= Gerhard Eichhorn =

German painter and designer (1927–2015)

Gerhard Eichhorn (3 May 1927 – 15 December 2015) was a German graphic artist, painter and draughtsman.

== Life ==
Born in Judenbach, Eichhorn attended the Fachschule für angewandte Kunst in Sonneberg in 1942/43 and from 1945 to 1947, graduating as a ceramic modeller. From 1950 to 1955, he studied graphic design at the Hochschule für Grafik und Buchkunst Leipzig under Elisabeth Voigt, Heinz Eberhard Strüning and Heinz Wagner. He completed an Aspirantur with Hans Mayer-Foreyt from 1955 to 1958, at the same time leading the evening class in nude drawing. From 1959 to 1964, he was a teacher at the Leipzig College of Applied Arts, and from 1966 to 1992, he was a lecturer at the Leipzig College of Graphic Arts and Book Art, as well as head of the workshop for etchings and copperplate engraving. From 1968, he was also head of the painting and graphic arts department. From 1976, he was vice-rector and from 1978, associate professor of this teaching institution. From 1964 to 1970, he was chairman of the Bezirk Leipzig of the Verband Bildender Künstler der DDR and a member of the same from 1955 to 1990.
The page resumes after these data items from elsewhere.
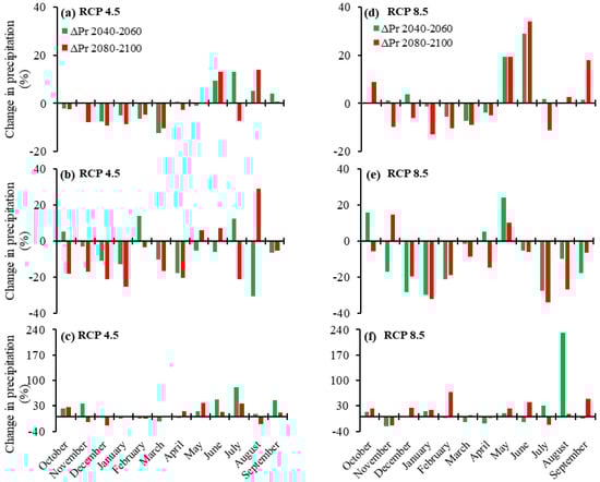 Projected monthly precipitation changes during 2040–2060 and 2080–2100: (a) average, (b) lower, and (c) higher under RCP 4.5; and (d) average, (e) lower, and (f) higher under RCP 8.5.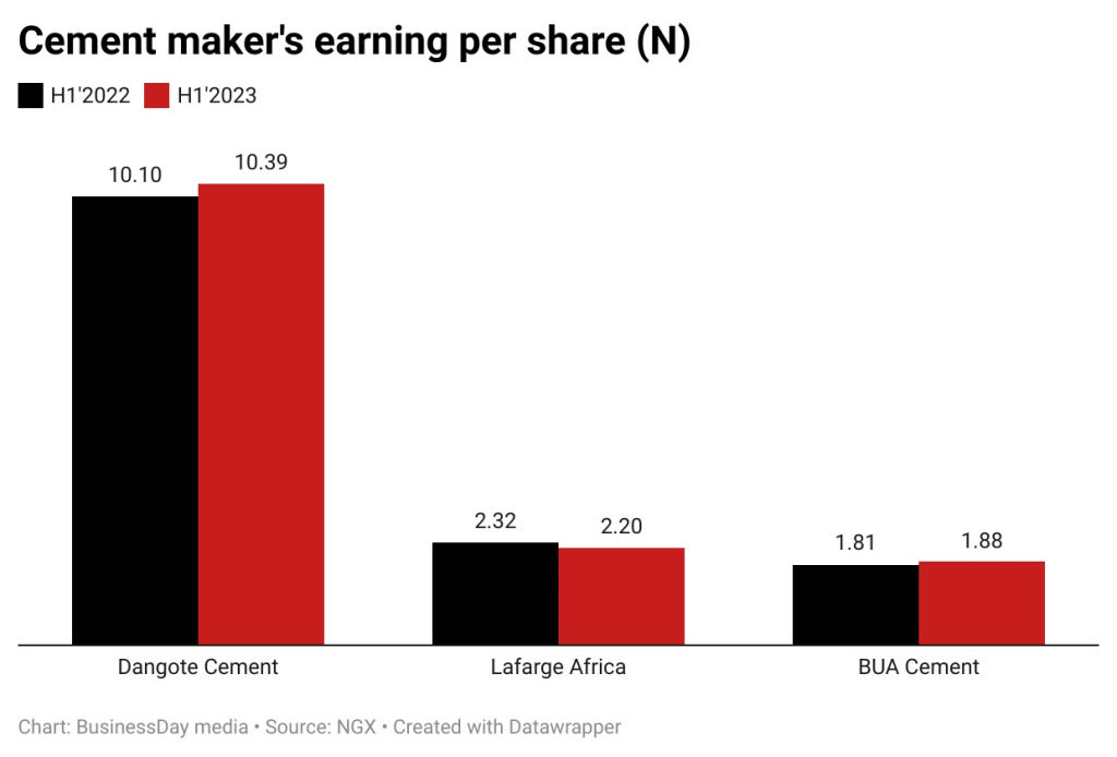 Dangote Cement’s earnings per share amounted to N10.39 per share in the first half of 2023 from N10.10 per share in the first quarter of 2022.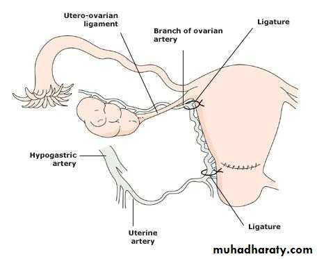 b. Uterine artery ligation— During pregnancy, 90% of the blood flow to the uterus is supplied by the uterine arteries. Direct ligation of these easily accessible vessels can successfully control hemorrhage in 75–90% of cases, particularly when the bleeding is uterine in origin. Recanalization can occur.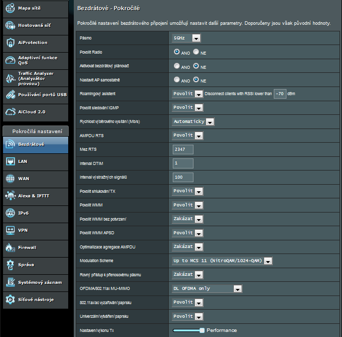 - WiFi6 režim (802.11ax) - rozhodně zapněte, pokud máte kompatibilní zařízení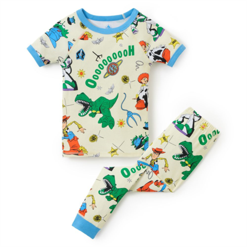The cast ofToy Storytake on a new perspective when viewed from below on this sleep set. The allover print on this two-piece sleepwear combination includes Buzz, Woody, Jessie, Space Aliens and Rex looking down. The short sleeve top includes raglan sleeves and contrasting ribbed trim and a big ''OooooooooH'' to help them fall asleep!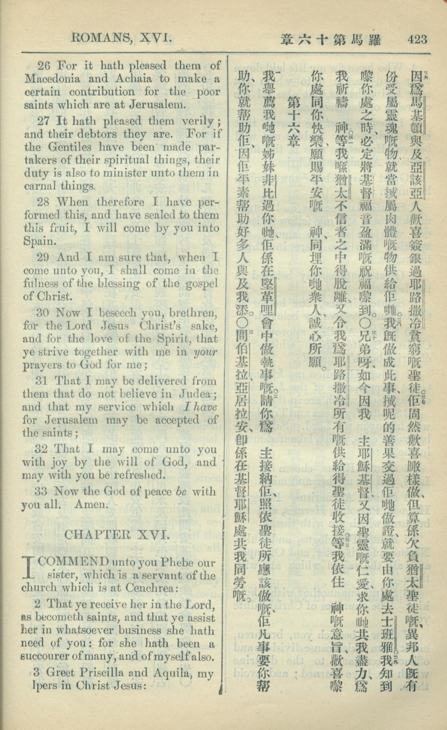 1909年中西字新約全書 羅馬書 15 章 26 節到 16 章 3 節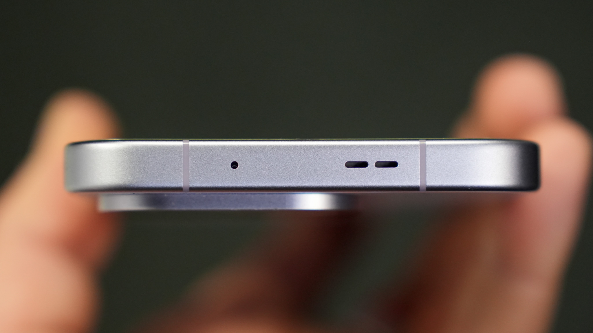 OnePlus 15:n oikeassa kyljessä on virta- ja äänenvoimakkuuspainikkeet. Ne on valmistettu kehyksen tapaisesti alumiinista. Painikkeet ovat aikaisempaa leveämmät, mikä parantaa kokemusta. Vasempaan reunaan on tuotu ainoastaan uusi Plus Key -painike, joka korvaa aikaisemman Alert Slider -tilakytkimen.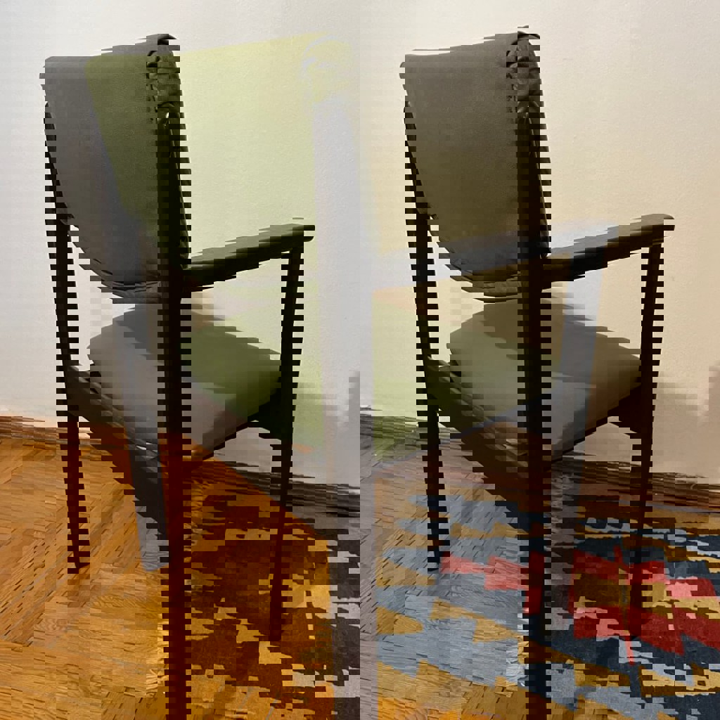 Винтажное кресло в стиле середины XX века, массив бука, 1960–70-е годы. Восточноевропейский модернизм: лаконичная геометрия, выразительные подлокотники, удобная посадка. Кресло после аккуратной реставрации: укреплены соединения, новая качественная обивка. В отличном состоянии, полностью готово к использованию. 57 ✕ 45 ✕ 83 см. Подойдёт для дома, студии или рабочего пространства.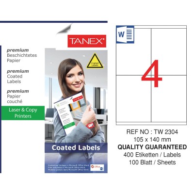 Tanex TW-2304 105x140mm Kuşe Lazer Etiket 100 Lü Paket Özellikleri,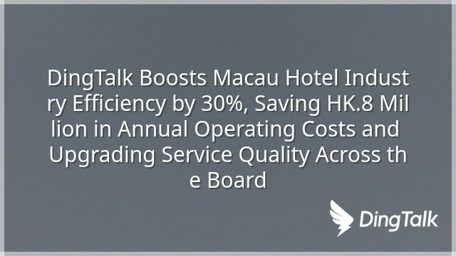 DingTalk Boosts Macau Hotel Industry Efficiency by 30%, Saving HK$1.8 Million in Annual Operating Costs and Upgrading Service Quality Across the Board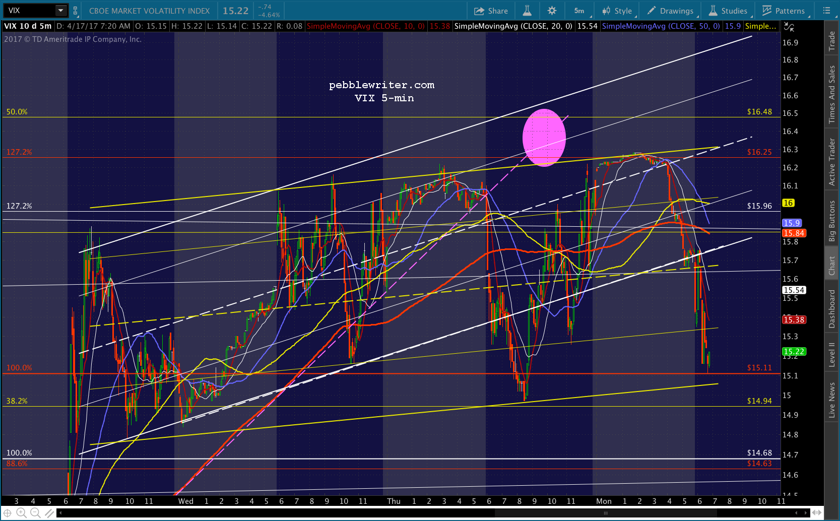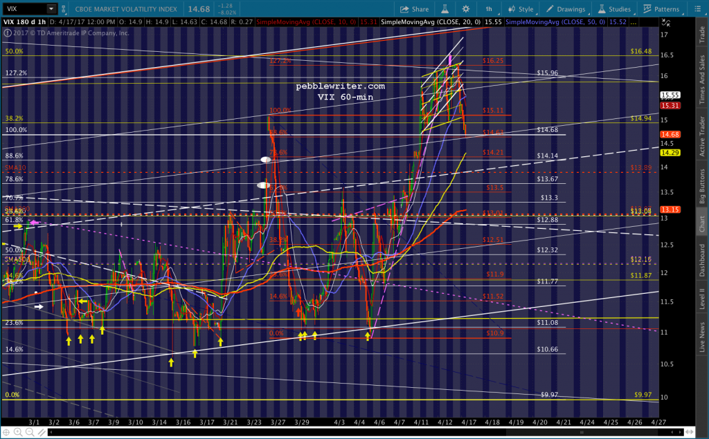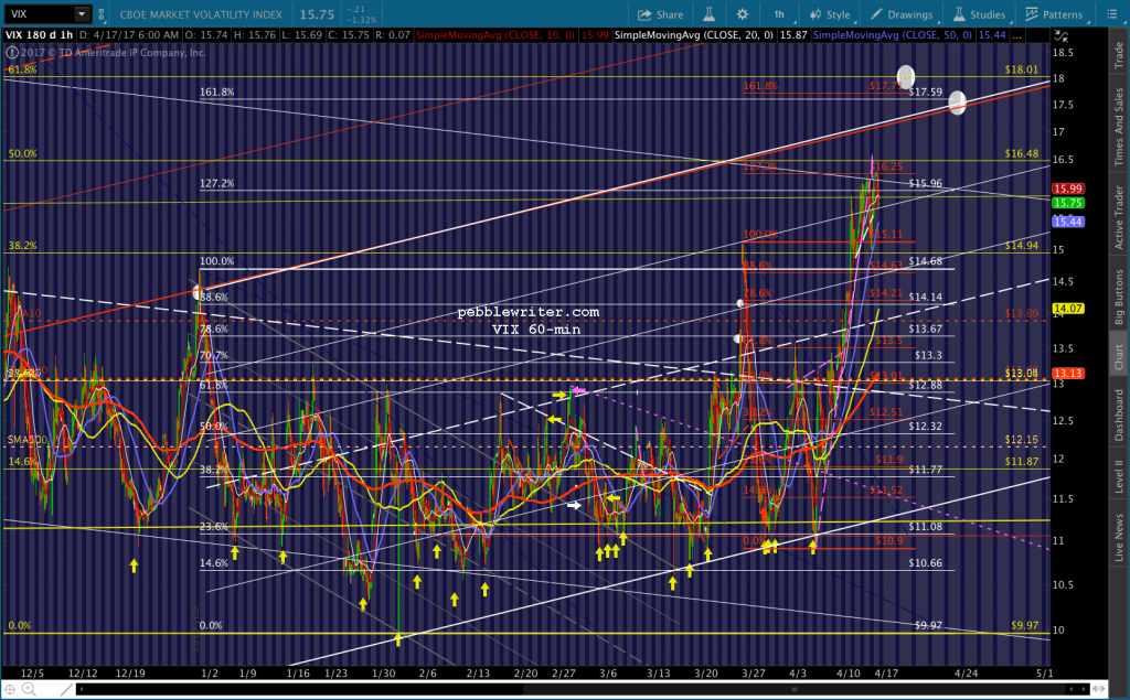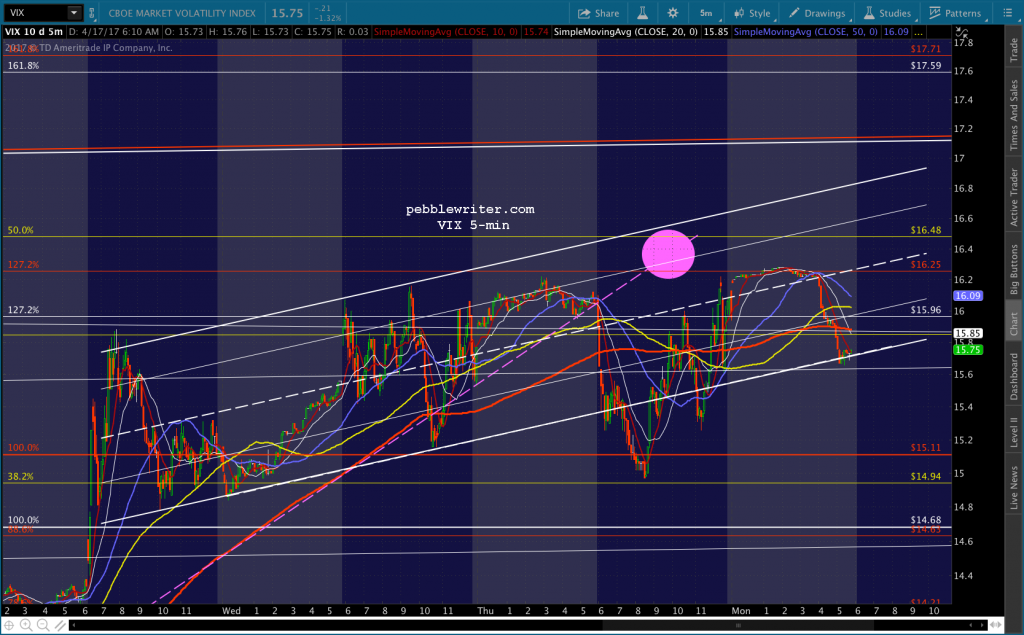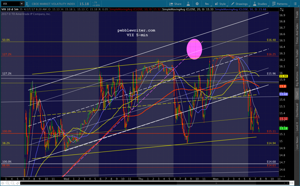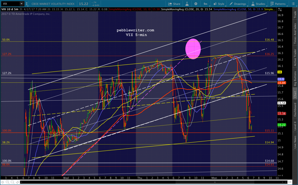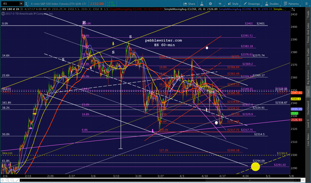 Bottom line, I don’t have a very strong feeling one way or the other about tomorrow’s open. If my 2307 target is in play, it’s likely at least a week away. Interestingly, the falling white channel will intersect with the rising yellow midline at 2307 (the white 1.272) around Apr 25 — which just happens to be the day the Carl Vinson is expected to arrive off the South Korean coast.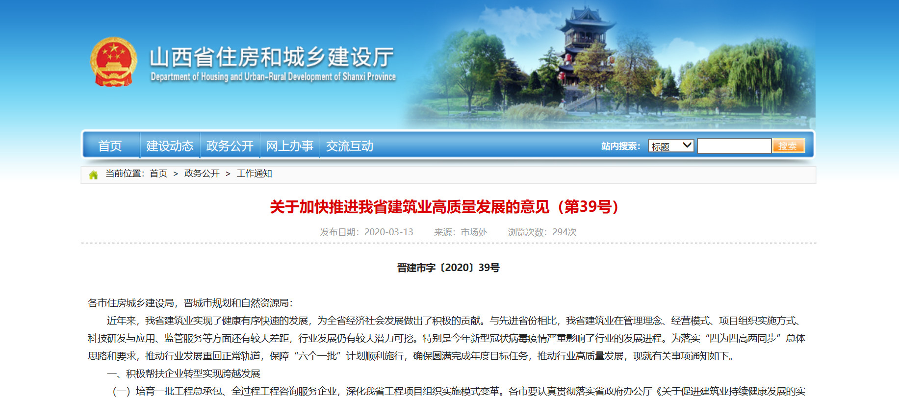 2020年3月13日,山西省住房和城鄉(xiāng)建設(shè)廳發(fā)布了《關(guān)于加快推進我省建筑業(yè)高質(zhì)量發(fā)展的意見 》晉建市字〔2020〕39號,文中強調(diào):
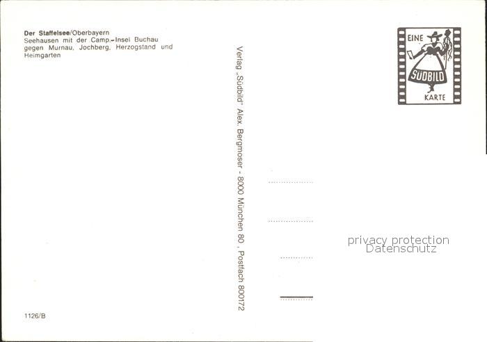 72059033 Staffelsee Seehausen Camp Insel Buchau Murnau Jochberg Herzogstand Heimgarten postalisch nicht gelaufen Erhaltung siehe scans KatCode: 11110009180124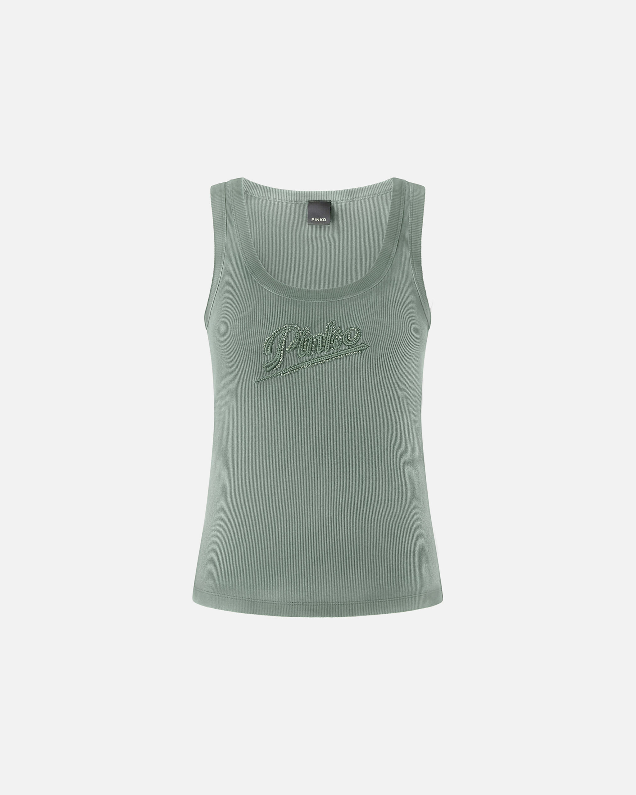 Camiseta sin mangas con bordado PINKO y pedrería

Eichorn died at the age of 88.

== Work ==
In 1965, he designed the bar of the Hotel Deutschland in Leipzig with a mural. Influenced by Käthe Kollwitz, he created the graphic cycles: "From the Struggle of the Working Class" and "The German Peasant War".

== Honours ==
- 1969 Verdienstmedaille der DDR
- 1987 Vaterländischer Verdienstorden in Silver

== Exhibitions ==
=== Personal exhibition ===
- 1975 Brandenburg
- 1976, 1977 and 1979 Leipzig
- also in Kiev, Krakow, Lyon, Moscow, Parma, Tallinn, Vienna.